3.2. Manual Detection of Installed Electron-Based Applications
As we know, each operating system has its own characteristic directory structure used to store newly installed applications. For example:
- In macOS, this directory is typically located at /Applications or /Users/Username/Applications.
- In Windows, it can be found in Program Files, AppData, or WindowsApp.
- Meanwhile, in Linux-based systems, this is usually located in the directories /opt or /usr/share.
There might be questions about how we identify the presence of an Electron application after locating its application directory. Simply put, applications built with the Electron framework have a unique characteristic, namely the existence of files in the .asar format.
As a brief explanation, this file serves as an archive containing all JavaScript, HTML, CSS, images, and other resources used within the Electron-based application. Essentially, it encapsulates a collection of all necessary files to run the application (quoting from electronjs, this format also can mitigate issues around long path names on Windows, speed up require and conceal our source code from cursory inspection).
Are there any other formats that can help us identify Electron-based applications on our operating system? Yes, indeed. Some of these include:
- The “Electron Framework.framework” directory within the “Frameworks” directory — for macOS.
- The “electron.icns” (icon resource) file, tipically located in the “Resources” directory — for macOS.

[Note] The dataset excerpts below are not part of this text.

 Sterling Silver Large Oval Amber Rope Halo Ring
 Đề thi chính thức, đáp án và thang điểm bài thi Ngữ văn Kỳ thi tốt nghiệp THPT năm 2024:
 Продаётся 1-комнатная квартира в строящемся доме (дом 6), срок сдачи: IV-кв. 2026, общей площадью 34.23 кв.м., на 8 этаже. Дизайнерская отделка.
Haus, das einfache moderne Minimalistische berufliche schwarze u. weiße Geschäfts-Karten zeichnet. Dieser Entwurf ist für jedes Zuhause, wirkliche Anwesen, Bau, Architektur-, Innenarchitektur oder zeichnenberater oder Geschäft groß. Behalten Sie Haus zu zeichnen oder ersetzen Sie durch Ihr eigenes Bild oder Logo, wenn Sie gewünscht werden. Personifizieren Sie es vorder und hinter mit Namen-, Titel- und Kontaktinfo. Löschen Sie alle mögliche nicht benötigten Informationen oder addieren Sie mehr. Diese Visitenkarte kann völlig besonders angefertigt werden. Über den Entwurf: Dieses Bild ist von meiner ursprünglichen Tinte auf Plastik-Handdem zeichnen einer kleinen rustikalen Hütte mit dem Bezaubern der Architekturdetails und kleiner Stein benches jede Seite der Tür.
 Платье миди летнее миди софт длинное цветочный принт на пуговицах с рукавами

- The “LICENSE.electron.txt” file — on some Linux-based systems.
- The “package.json” file (though we may need to examine its contents first).

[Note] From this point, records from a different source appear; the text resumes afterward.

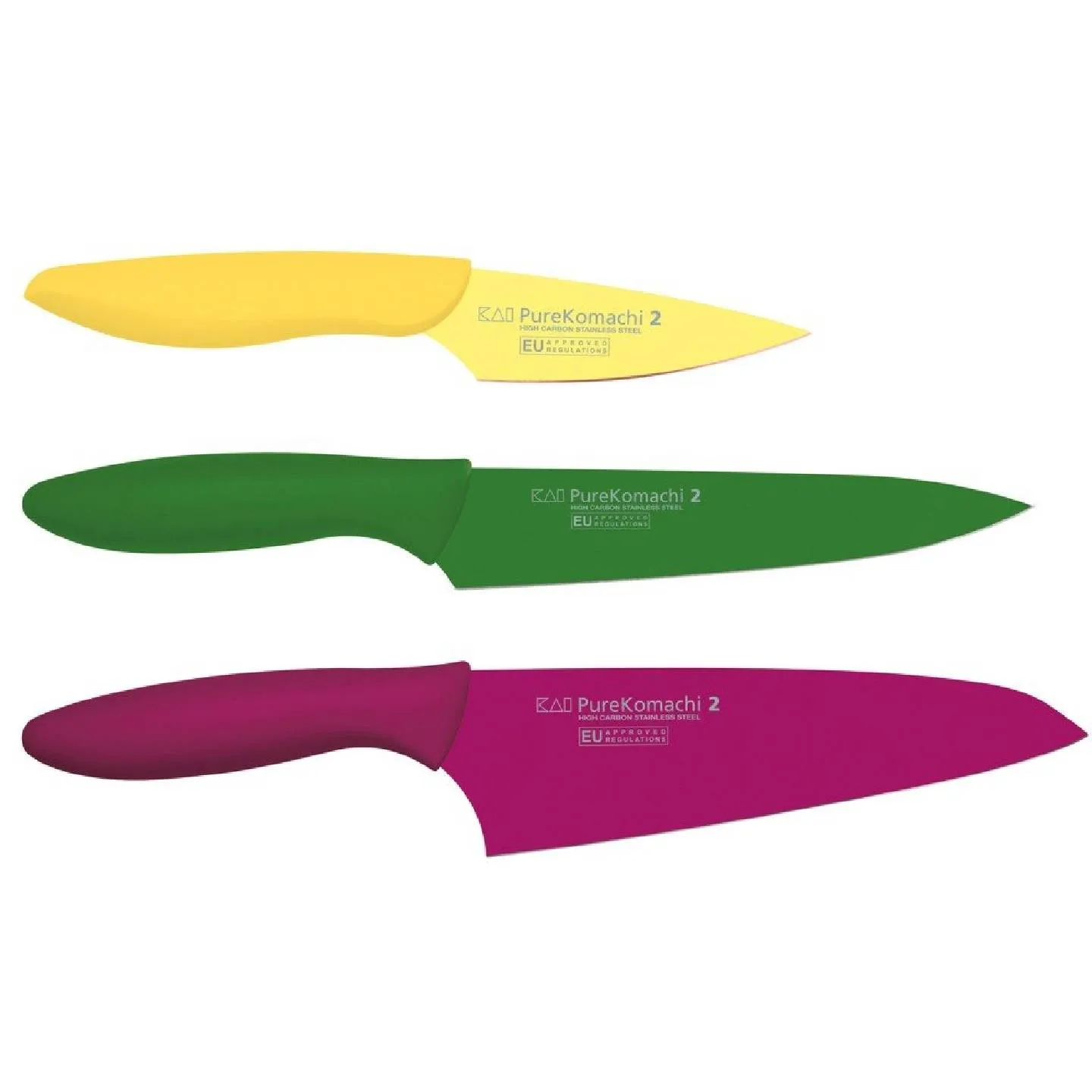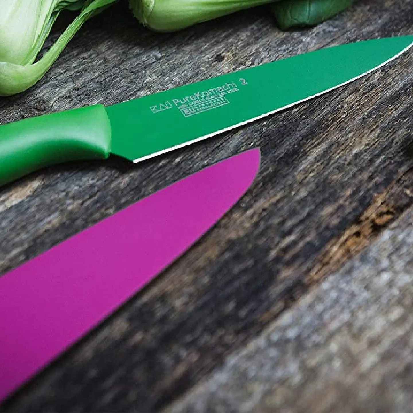 The Pure Komachi Series' knives introduce a wealth of playful colours. Visually, these knives are distinguished primarily by their coloured coatings. The series' blades are made of corrosion-resistant stainless steel and add significant value in terms of removing cut material from the blade, especially when combined with their coloured, non-stick coating on both sides. The double-sided blades boast a hardness of 53 ±1 HRC. Each knife is assigned a specific colour, allowing for an easy overview. The ergonomic plastic handle is monochromatically tailored to match the coloured coating of the blade and is securely moulded to the blade and provide superior cutting comfort for effortless progress.
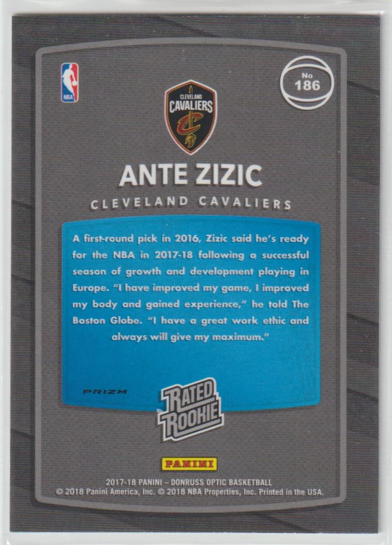 186 Ante Zizic - Cleveland Cavaliers Fast Break 2017/18 Donruss Optic Basketball
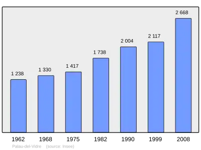 Według danych na rok 1990 gminę zamieszkiwały 2004 osoby, a gęstość zaludnienia wynosiła 193 osoby/km² (wśród 1545 gmin Langwedocji-Roussillon Palau-del-Vidre plasuje się na 197. miejscu pod względem liczby ludności, natomiast pod względem powierzchni na miejscu 733.).

- Specific keyword searches that uniquely characterize configurations in Electron-built applications, such as ‘contextIsolation’ and ‘nodeIntegration’.
3.3. The Automated Way
Considering that there are many variables to be searched for, and there may be numerous applications within a single host, then the initial step that can be taken in the basic identification process is maybe to perform some automated executions.
3.3.1. Automated Detection of Electron-Based Applications on macOS
As we all know, macOS has directories that use the .app naming convention (although we cannot strictly call it an extension). Essentially, these directories contain all the files and resources required to run an application.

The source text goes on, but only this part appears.